Problem to solve: For this listing, reproduce the line with "and baton twirlers!", the line with "Sonra Polis Şöbəsinin", and the lines between, exactly as they stand. Leave out pictures and all other lines.

Exercise materials:
::::::::::

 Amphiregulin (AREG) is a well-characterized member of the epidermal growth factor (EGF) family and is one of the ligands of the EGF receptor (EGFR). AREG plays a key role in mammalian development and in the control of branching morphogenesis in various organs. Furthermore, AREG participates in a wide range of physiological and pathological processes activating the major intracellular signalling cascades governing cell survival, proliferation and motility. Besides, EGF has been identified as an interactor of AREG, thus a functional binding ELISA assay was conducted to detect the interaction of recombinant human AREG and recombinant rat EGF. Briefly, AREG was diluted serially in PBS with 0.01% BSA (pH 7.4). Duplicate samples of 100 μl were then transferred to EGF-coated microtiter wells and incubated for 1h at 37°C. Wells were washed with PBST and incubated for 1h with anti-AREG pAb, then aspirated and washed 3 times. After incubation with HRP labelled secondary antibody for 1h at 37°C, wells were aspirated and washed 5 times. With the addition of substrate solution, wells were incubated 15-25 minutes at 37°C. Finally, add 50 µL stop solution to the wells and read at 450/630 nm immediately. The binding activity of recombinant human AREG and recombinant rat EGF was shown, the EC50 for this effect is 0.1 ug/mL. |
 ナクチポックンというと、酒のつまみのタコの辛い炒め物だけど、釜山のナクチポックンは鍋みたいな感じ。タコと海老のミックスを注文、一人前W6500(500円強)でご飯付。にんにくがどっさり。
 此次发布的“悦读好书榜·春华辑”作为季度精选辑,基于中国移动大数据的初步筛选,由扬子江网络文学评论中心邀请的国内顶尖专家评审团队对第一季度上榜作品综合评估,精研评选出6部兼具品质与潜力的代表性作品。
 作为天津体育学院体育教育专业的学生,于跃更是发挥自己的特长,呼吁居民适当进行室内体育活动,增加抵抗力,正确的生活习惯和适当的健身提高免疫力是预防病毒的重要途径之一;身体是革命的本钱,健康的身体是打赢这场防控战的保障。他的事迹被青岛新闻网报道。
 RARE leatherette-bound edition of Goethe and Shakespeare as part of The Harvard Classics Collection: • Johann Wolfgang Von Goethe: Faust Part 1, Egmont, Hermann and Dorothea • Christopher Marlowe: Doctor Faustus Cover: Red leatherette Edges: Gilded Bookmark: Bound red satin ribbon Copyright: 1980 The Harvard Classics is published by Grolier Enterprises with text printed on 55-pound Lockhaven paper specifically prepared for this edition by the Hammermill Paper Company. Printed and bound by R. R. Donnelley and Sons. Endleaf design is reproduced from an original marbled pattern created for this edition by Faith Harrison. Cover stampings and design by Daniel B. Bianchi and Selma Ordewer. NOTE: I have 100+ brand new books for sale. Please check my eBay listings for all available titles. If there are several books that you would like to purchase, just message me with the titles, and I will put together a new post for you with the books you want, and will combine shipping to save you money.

::::::::::

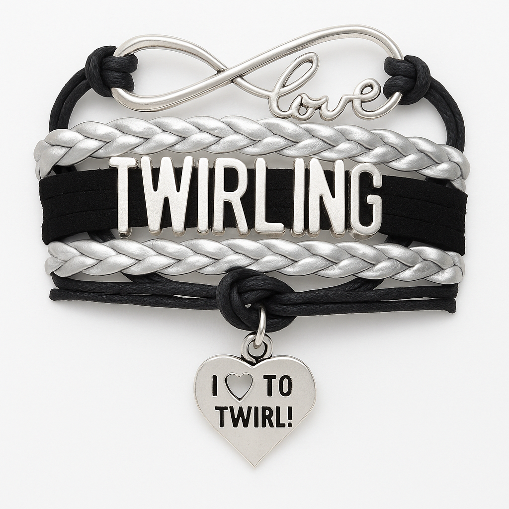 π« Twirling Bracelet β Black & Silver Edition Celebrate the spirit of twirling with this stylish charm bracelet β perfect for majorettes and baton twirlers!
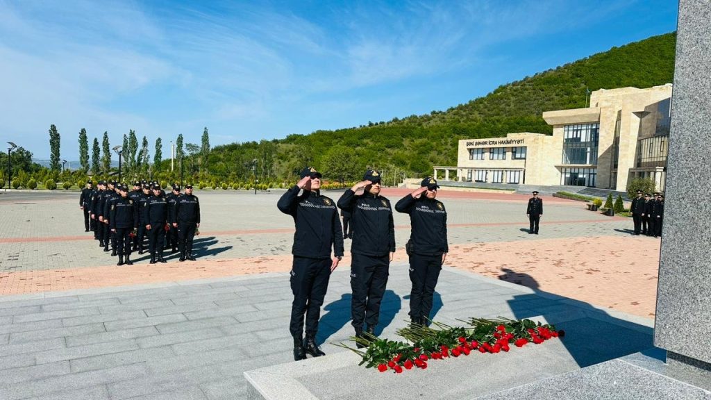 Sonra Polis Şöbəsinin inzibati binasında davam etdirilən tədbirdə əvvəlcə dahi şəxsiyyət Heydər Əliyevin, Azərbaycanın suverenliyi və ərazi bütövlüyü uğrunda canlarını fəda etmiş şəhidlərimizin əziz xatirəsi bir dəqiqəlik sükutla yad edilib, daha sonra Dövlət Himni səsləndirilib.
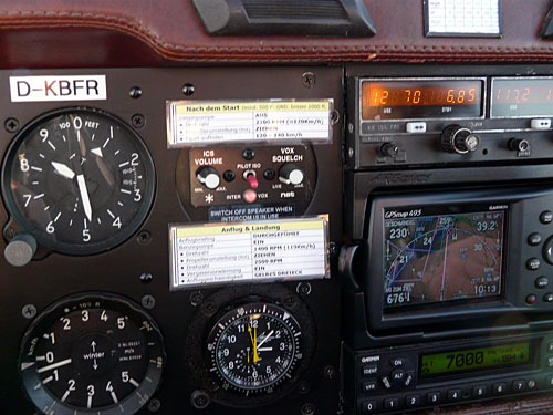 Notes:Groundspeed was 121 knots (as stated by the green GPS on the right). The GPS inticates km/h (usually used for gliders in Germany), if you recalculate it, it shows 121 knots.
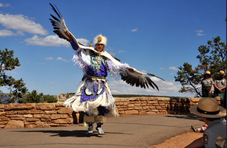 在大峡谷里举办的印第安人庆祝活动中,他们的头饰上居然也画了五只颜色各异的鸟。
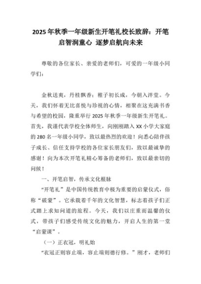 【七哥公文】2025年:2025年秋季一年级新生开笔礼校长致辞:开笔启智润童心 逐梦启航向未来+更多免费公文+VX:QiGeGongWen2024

::::::::::

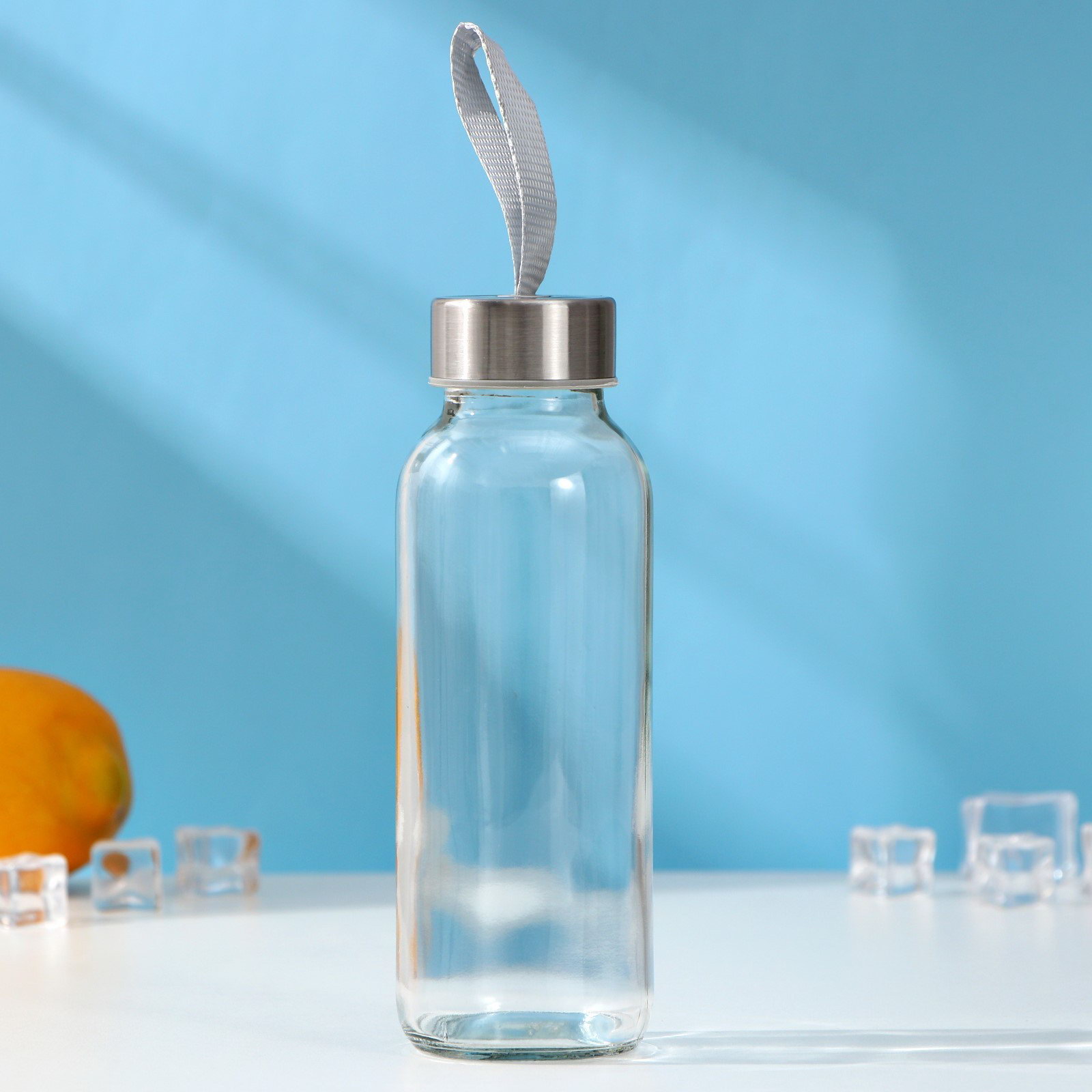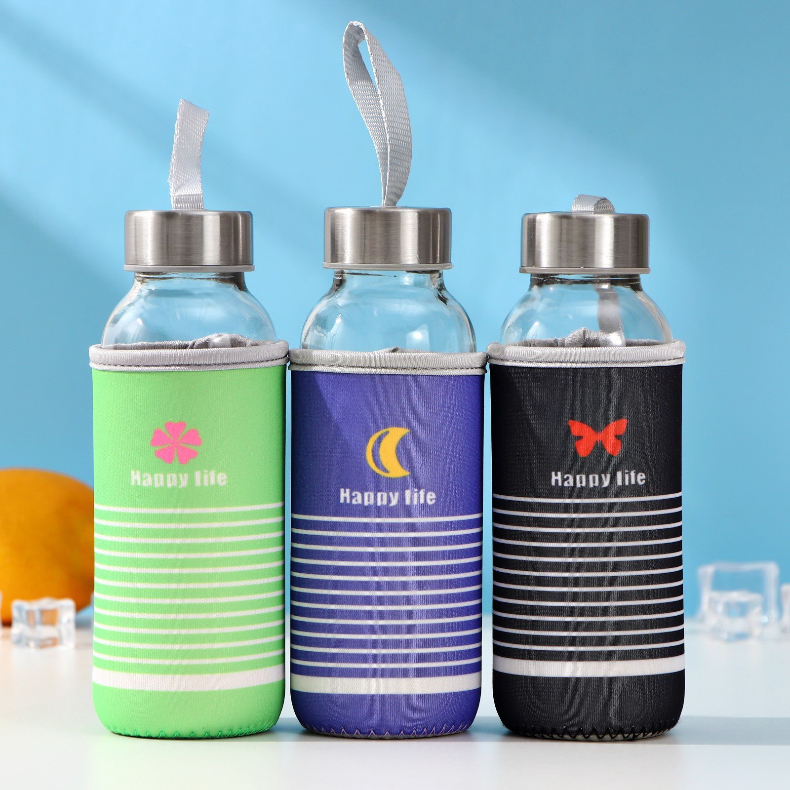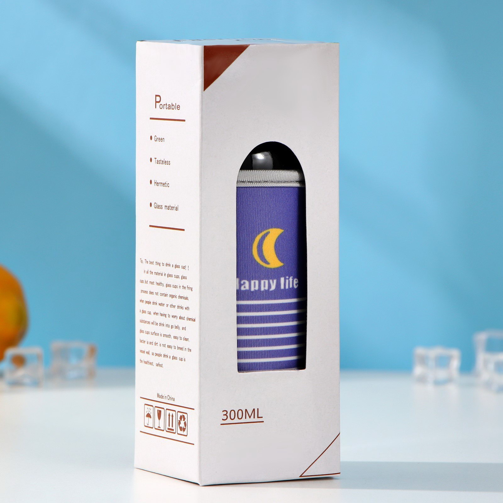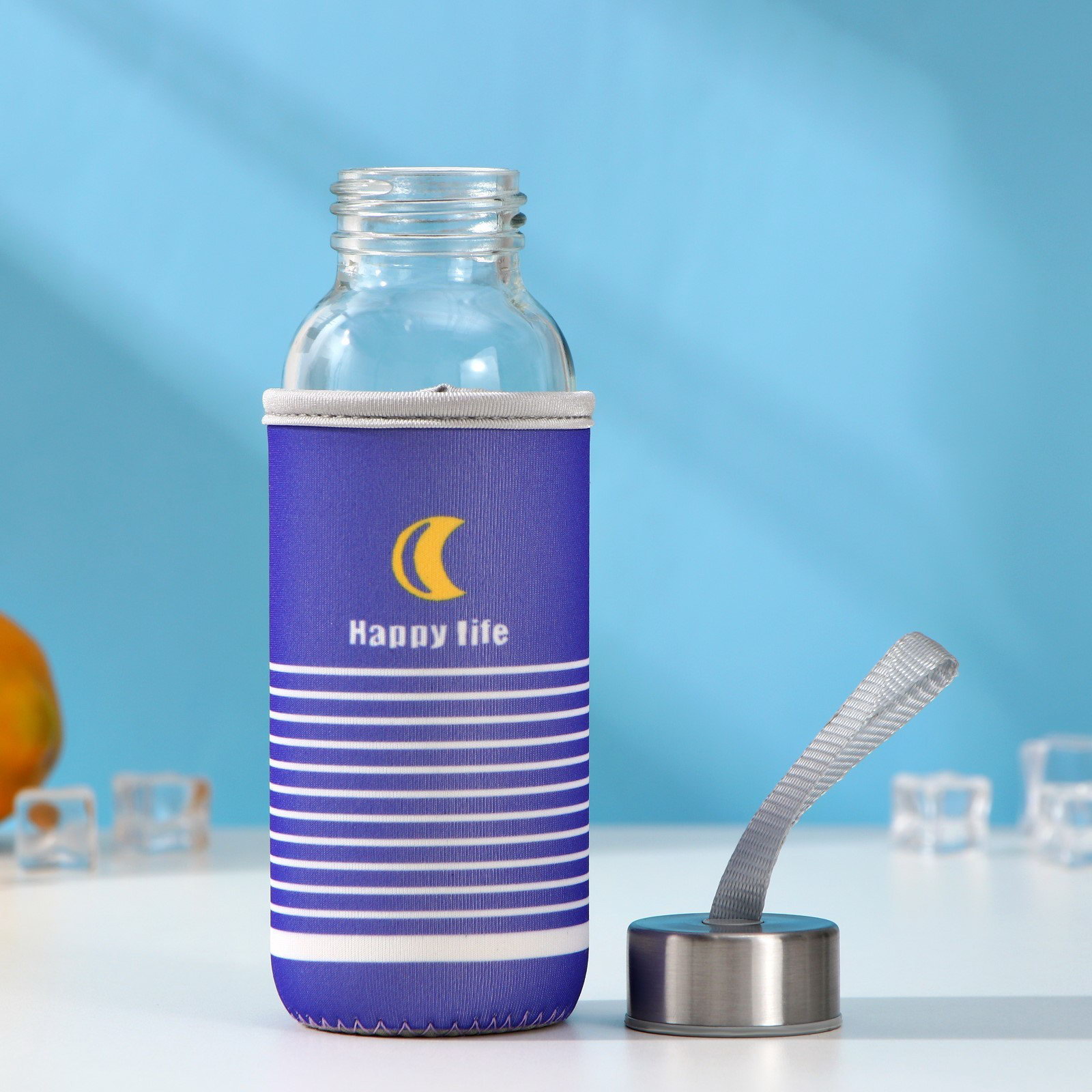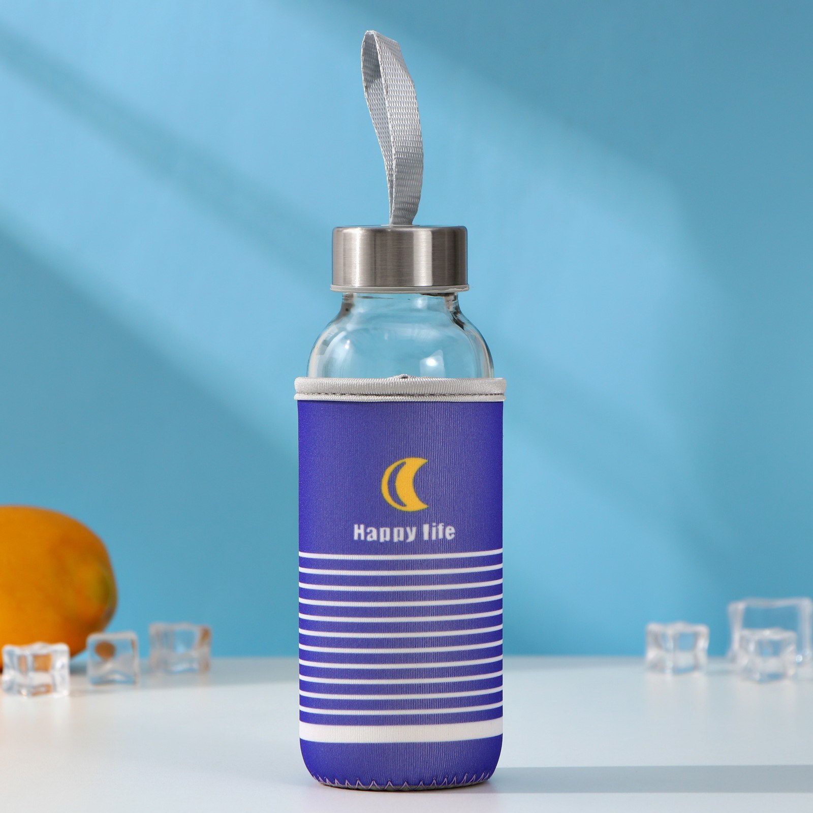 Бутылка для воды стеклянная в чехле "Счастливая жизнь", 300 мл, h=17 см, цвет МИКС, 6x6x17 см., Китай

::::::::::

Written answer:
 π« Twirling Bracelet β Black & Silver Edition Celebrate the spirit of twirling with this stylish charm bracelet β perfect for majorettes and baton twirlers!
 Sonra Polis Şöbəsinin inzibati binasında davam etdirilən tədbirdə əvvəlcə dahi şəxsiyyət Heydər Əliyevin, Azərbaycanın suverenliyi və ərazi bütövlüyü uğrunda canlarını fəda etmiş şəhidlərimizin əziz xatirəsi bir dəqiqəlik sükutla yad edilib, daha sonra Dövlət Himni səsləndirilib.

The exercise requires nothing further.